Son rayon de courbure est de 5 mm, son indice 1,33, ses distances focales f = 15 mm et f ' = 20 mm, sa puissance 66,75 dioptries. Gullstrand précisera encore davantage ces données numériques et ajoutera celle de l'œil réduit aphaque. Pour l'œil réduit de Listing, la puissance est de 60 D, avec une dioptrie de 5,6 mm de crayon.
F. C. Donders, ophtalmologiste néerlandais, membre de l’Académie de médecine (1864) ; A. Gullstrand, ophtalmologiste suédois, prix Nobel de médecine en 1911 (1912)
Édit. 2017
œil sec l.m.
dry eye
Tarissement de la sécrétion lacrymale, responsable d’une irritation de la conjonctive.
Ce tarissement peut s’intégrer dans un syndrome sec et être quantifié par le test de Schirmer.

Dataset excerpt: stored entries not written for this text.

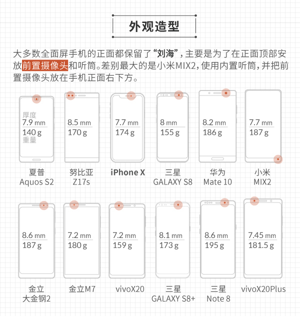 iPhone X的“刘海”造型在刚一推出时颇受争议,但这样的做法在全面屏手机中不在少数,这主要是为了给手机听筒和前置摄像头保留位置。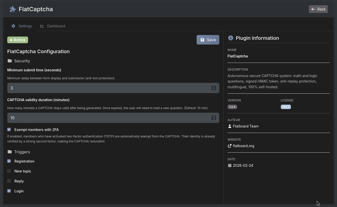 - 2FA exemption — members who have enabled Flatboard's two-factor authentication (TOTP) can be automatically exempt from the CAPTCHA (configurable)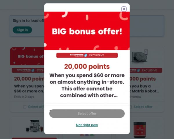 Click here to load the offer for 20,000 PC Optimum points when you spend $60.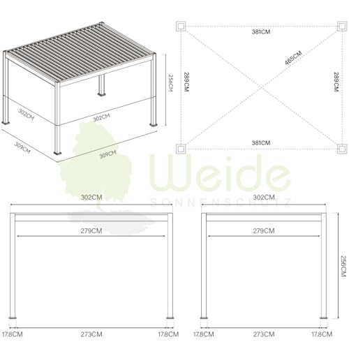 ✔️ WETTERBESTÄNDIGES UND DAUERHAFTES DESIGN – Die robusten Aluminiumpfosten, -träger und -lamellen bieten hohen Schutz vor verschiedenen Witterungsbedingungen, während ein integriertes Wasserabflusssystem Regen effizient ableitet.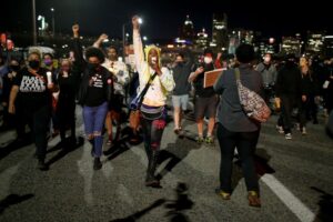 抗议者要求消除白人至上主义,为黑人和有色人种伸张正义。

→ alacrymie, hypolacrymie, sécheresse oculaire, syndrome sec, Schirmer (test de)
Édit. 2017
œil simplifié l.m.
Édit. 2017
œil sympathisant l.m.
exciting eye
Œil atteint par une plaie transfixiante (accidentelle ou opératoire) au cours d'une ophtalmie sympathique.
Édit. 2017
œil sympathisé l.m.
sympathizing eye
Œil controlatéral à l'œil traumatisé, dans le cadre d'une ophtalmie sympathique.
Édit. 2017
œil théorique l.m.
Œil fictif possédant des constantes optiques qui représentent des moyennes raisonnables pour un européen adulte (selon la définition de Le Grand).

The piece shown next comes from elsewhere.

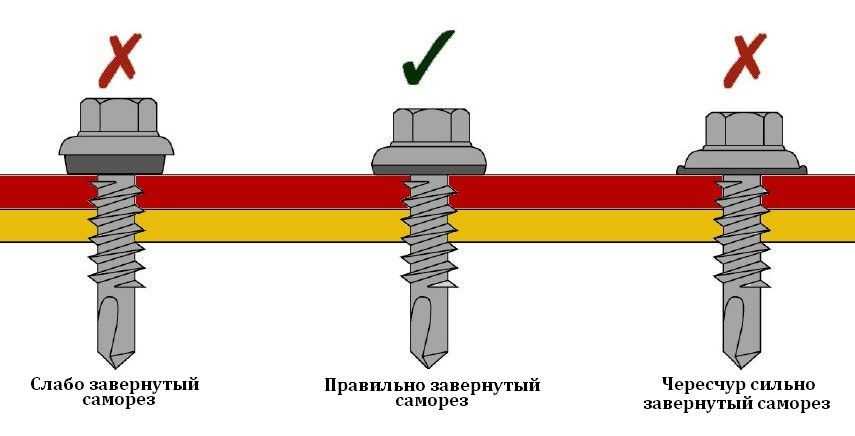 Нужно четко соблюдать глубину вкручивания самореза. Лучше всего смотреть по резиновой прокладке: если она выглядывает на 1-2 мм от поверхности крыши, значит, саморез был вкручен правильно.

Y. Le Grand, ophtalmologiste français (1965)
[P2]
Édit. 2018
partie orbitaire du muscle orbiculaire de l'œil l.f.
pars orbitalis musculi orbicularis oculi (TA)
orbital part of orbicularis oculi
partie palpébrale du muscle orbitaire de l'œil l.f.
pars palpebralis musculi orbicularis oculi (TA)
palpebral part of orbicularis oculi
partie profonde de la partie palpébrale du muscle orbiculaire de l'œil l.f.
pars profunda partis palpebralis musculi orbicularis oculi (TA)
deep part of palpebral part of orbicularis oculi
pôle antérieur du bulbe de l'œil l.m.
polus anterior bulbi oculi (TA)
anterior pole of eyeball
Point central de la surface de la courbure cornéenne.
Suivant que l’on considère la face superficielle ou la face profonde de la cornée, il s’agit du pôle antérieur externe ou du pôle antérieur interne.
pôle postérieur du bulbe de l'œil l.m.
polus posterior bulbi oculi (TA)
posterior pole of eyeball
Point central de la courbure sclérale.
Suivant que le point est pris sur la face superficielle ou la face profonde de la sclère, on parle respectivement de pôle postérieur externe ou de pôle postérieur interne.